> _DIRECTIONS FOR THIS TASK_
Using the listing below, print exactly everything from the line with "Los productos metabólicos" down to the line with "En la oscuridad", both included, and nothing more.

> _INPUT DATA_
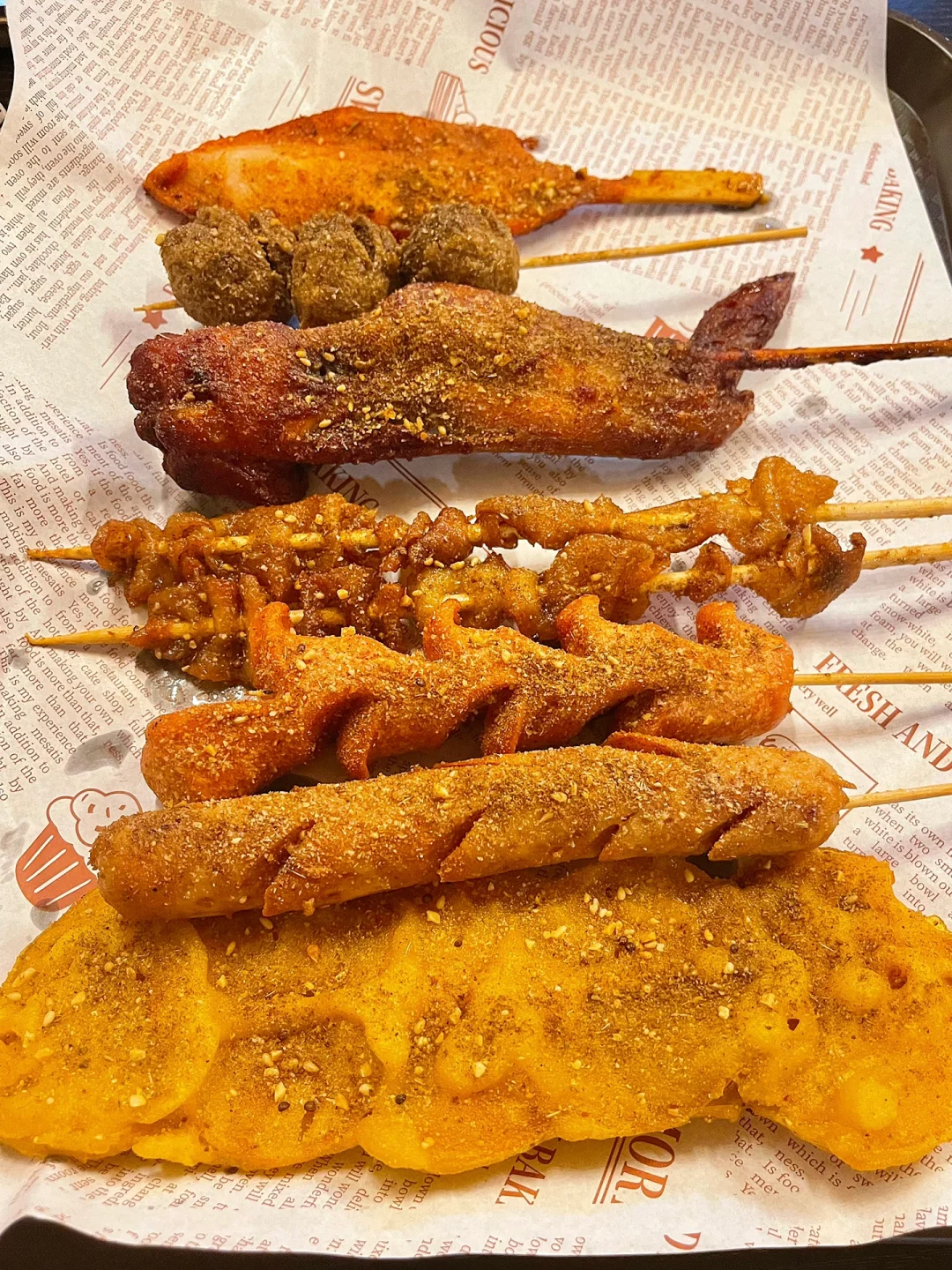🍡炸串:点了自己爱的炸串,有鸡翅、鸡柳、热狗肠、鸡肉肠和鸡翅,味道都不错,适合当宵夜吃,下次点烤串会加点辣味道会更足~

* * *

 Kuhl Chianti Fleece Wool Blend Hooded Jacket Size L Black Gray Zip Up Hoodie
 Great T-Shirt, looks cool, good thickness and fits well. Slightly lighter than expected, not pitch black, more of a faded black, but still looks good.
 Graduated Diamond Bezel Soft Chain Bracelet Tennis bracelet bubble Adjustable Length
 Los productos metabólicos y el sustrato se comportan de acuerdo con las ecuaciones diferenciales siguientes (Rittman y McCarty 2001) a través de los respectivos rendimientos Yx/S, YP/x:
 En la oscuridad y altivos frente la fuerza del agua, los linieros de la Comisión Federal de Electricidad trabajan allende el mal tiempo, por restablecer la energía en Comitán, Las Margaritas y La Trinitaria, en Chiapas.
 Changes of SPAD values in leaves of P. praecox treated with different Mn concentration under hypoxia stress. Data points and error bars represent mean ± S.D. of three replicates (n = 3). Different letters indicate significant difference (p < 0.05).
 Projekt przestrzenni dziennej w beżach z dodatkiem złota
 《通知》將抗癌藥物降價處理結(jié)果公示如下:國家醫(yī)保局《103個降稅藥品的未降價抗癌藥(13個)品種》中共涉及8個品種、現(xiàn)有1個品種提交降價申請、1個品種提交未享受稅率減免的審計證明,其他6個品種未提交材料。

> _TASK OUTPUT_
 Los productos metabólicos y el sustrato se comportan de acuerdo con las ecuaciones diferenciales siguientes (Rittman y McCarty 2001) a través de los respectivos rendimientos Yx/S, YP/x:
 En la oscuridad y altivos frente la fuerza del agua, los linieros de la Comisión Federal de Electricidad trabajan allende el mal tiempo, por restablecer la energía en Comitán, Las Margaritas y La Trinitaria, en Chiapas.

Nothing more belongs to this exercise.